Once the pictures are set aside, transcribe each line of the listing exactly.

▶ **STORED DATA**
---------------
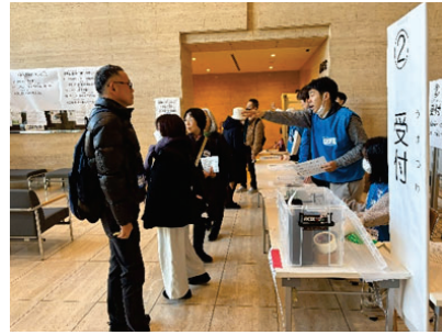
受付ではボランティア登録フォームの入力確認とボランティア保険の加入チェックを行います。

今年の訓練では初めての取り組みとして、ボランティア役の方に【受付フォームによるボランティアの事前登録】をしていただき、実際の発災時に近いボランティア登録場面をシミュレーションすることができました。また、活動後のボランティアさんによる活動報告(活動目的の達成度合い、活動場所や道路の状況、次回活動する際に追加で必要な物品の有無等)の場面を想定した訓練も実施しました。ご参加・ご協力いただいたみなさま、ありがとうございました。
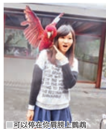
可以停在你肩膀上鸚鵡
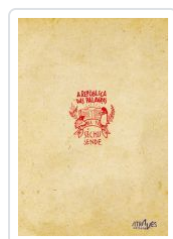
A REPUBLICA DAS PALAVRAS SECHU SENDE
---------------
▶ **RESULT FOR THIS EXERCISE**
受付ではボランティア登録フォームの入力確認とボランティア保険の加入チェックを行います。

今年の訓練では初めての取り組みとして、ボランティア役の方に【受付フォームによるボランティアの事前登録】をしていただき、実際の発災時に近いボランティア登録場面をシミュレーションすることができました。また、活動後のボランティアさんによる活動報告(活動目的の達成度合い、活動場所や道路の状況、次回活動する際に追加で必要な物品の有無等)の場面を想定した訓練も実施しました。ご参加・ご協力いただいたみなさま、ありがとうございました。
可以停在你肩膀上鸚鵡
A REPUBLICA DAS PALAVRAS SECHU SENDE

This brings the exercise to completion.